Право, трудно было не отмечать все эти тысячу раз петые и перепетые, обязательно «свешивающиеся с печки» детские головки, этот вечный огрызок сахару, муху, которая «точно повторяла докучную жалобу», чеховского студента из «Болота», тургеневский «странный звук, внезапно пронесшийся по лесу», толстовскую дремоту в санях («по-прежнему равномерно двигались лошадиные крупы…»), этого громовержца пристава, фамилия которого уж непременно Ирисов или Гиацинтов, а отчество Афиногенович или Ардалионович, — и опять это самое что ни на есть чеховское в «Мелюзге»: разговоры затерянных где-то в северных снегах учителя и фельдшера:

— Иногда учителю начинало казаться, что он, с тех пор, как помнит себя, никуда не выезжал из Курши… что он только в забытой сказке или во сне слышал про другую жизнь, где есть цветы, сердечные, вежливые люди, умные книги, женские нежные голоса и улыбки…
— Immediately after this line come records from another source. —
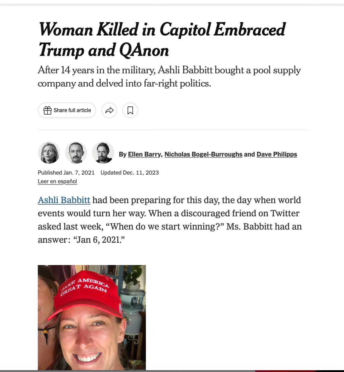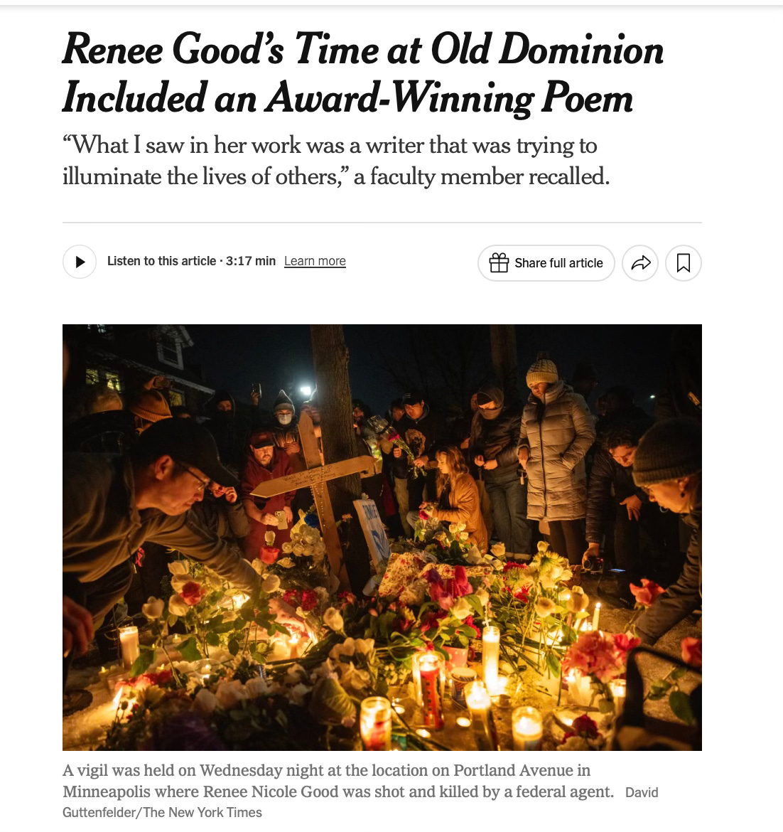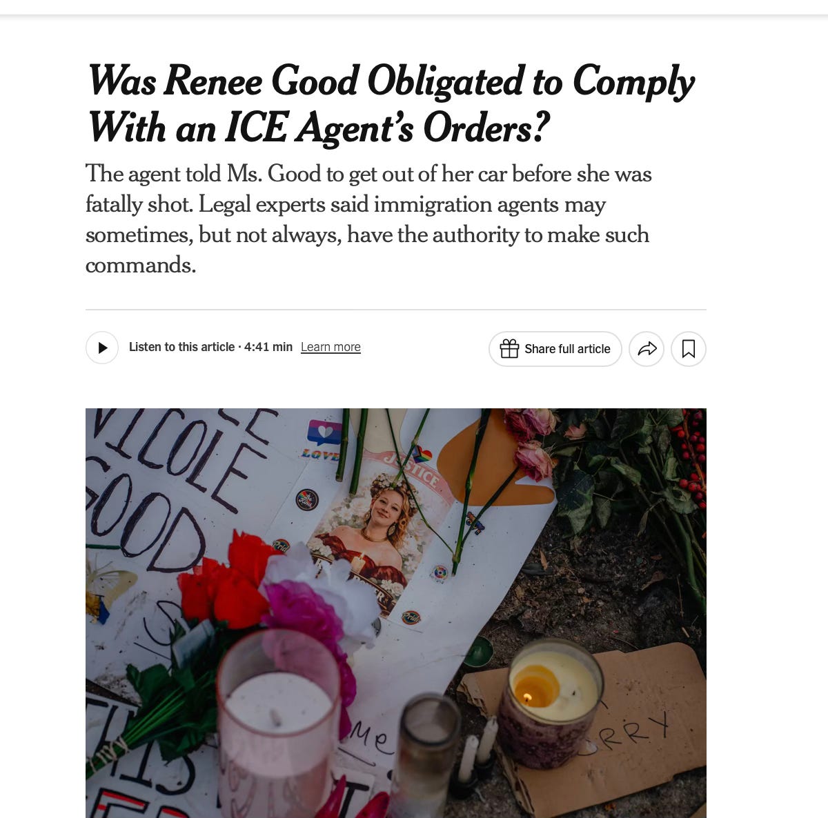 At the New York Times, you want the tragic death of Renee Good to be the symbol for protesters dying at the hands of the regime, but, as usual, it is not the truth. That won’t stop you from perpetuating the mass delusion and injecting it into the veins of your already unhinged readership.
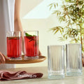 Cu o capacitate de 300 ml și un design modern cu linii verticale gravate, aceste pahare oferă un aspect sofisticat și o priză confortabilă
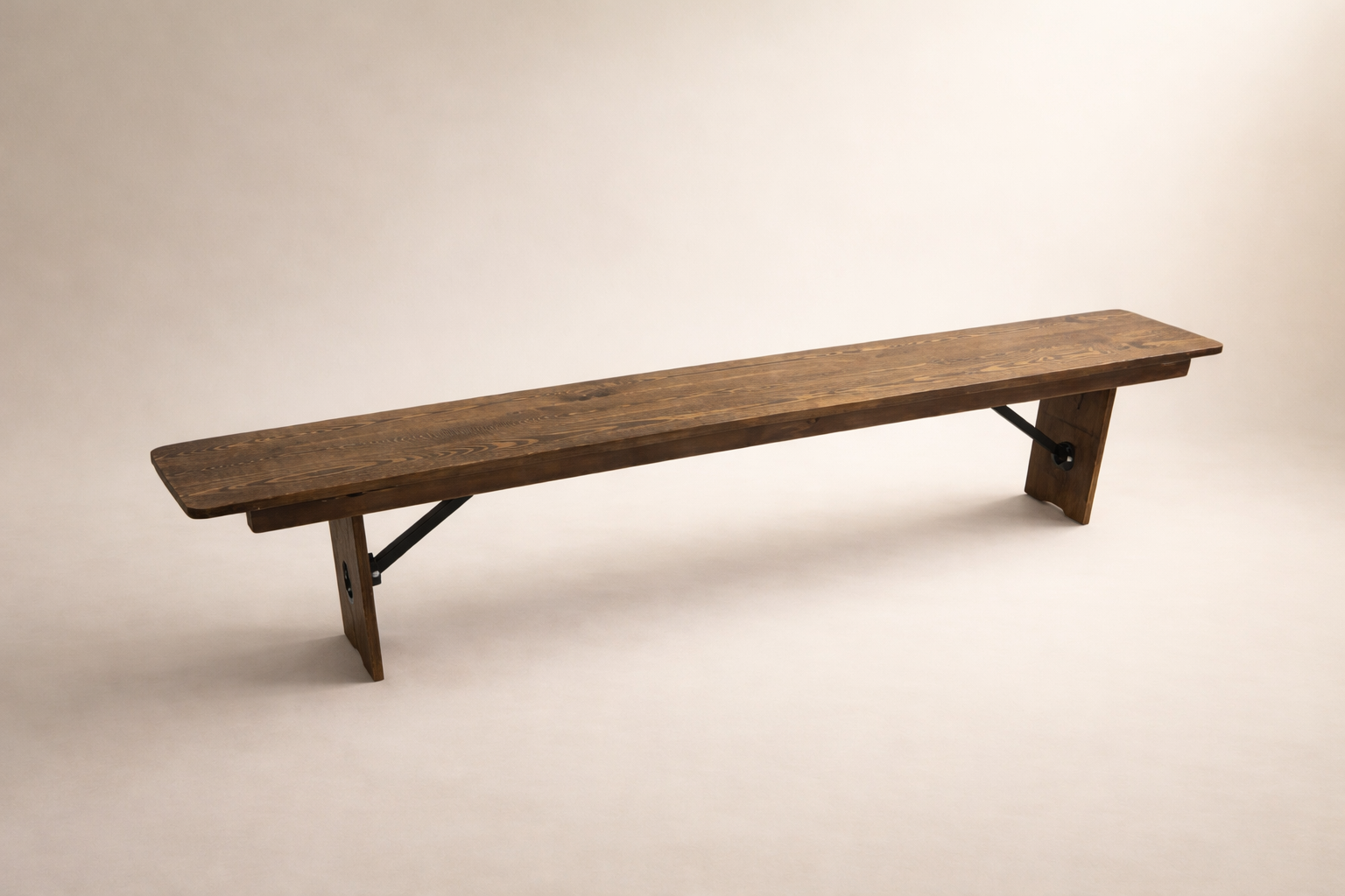 Banc pliant en bois massif verni, structure renforcée pour un usage événementiel intensif.

— Я всегда, Сергей Фирсыч, думал, что это хорошо — приносить свою хоть самую малюсенькую пользу, — говорил учитель фельдшеру. — Я гляжу, например, на какое-нибудь прекраснейшее здание, на дворец или собор, и думаю: пусть имя архитектора останется бессмертным на веки вечные, я радуюсь его славе, и я совсем ему не завидую. Но ведь и незаметный каменщик, который тоже с любовью клал свой кирпич и обмазывал его известкой, разве он также не может чувствовать счастья и гордости? И я часто думаю, что мы с тобой — крошечные люди, мелюзга, но если человечество станет когда-нибудь свободным и прекрасным…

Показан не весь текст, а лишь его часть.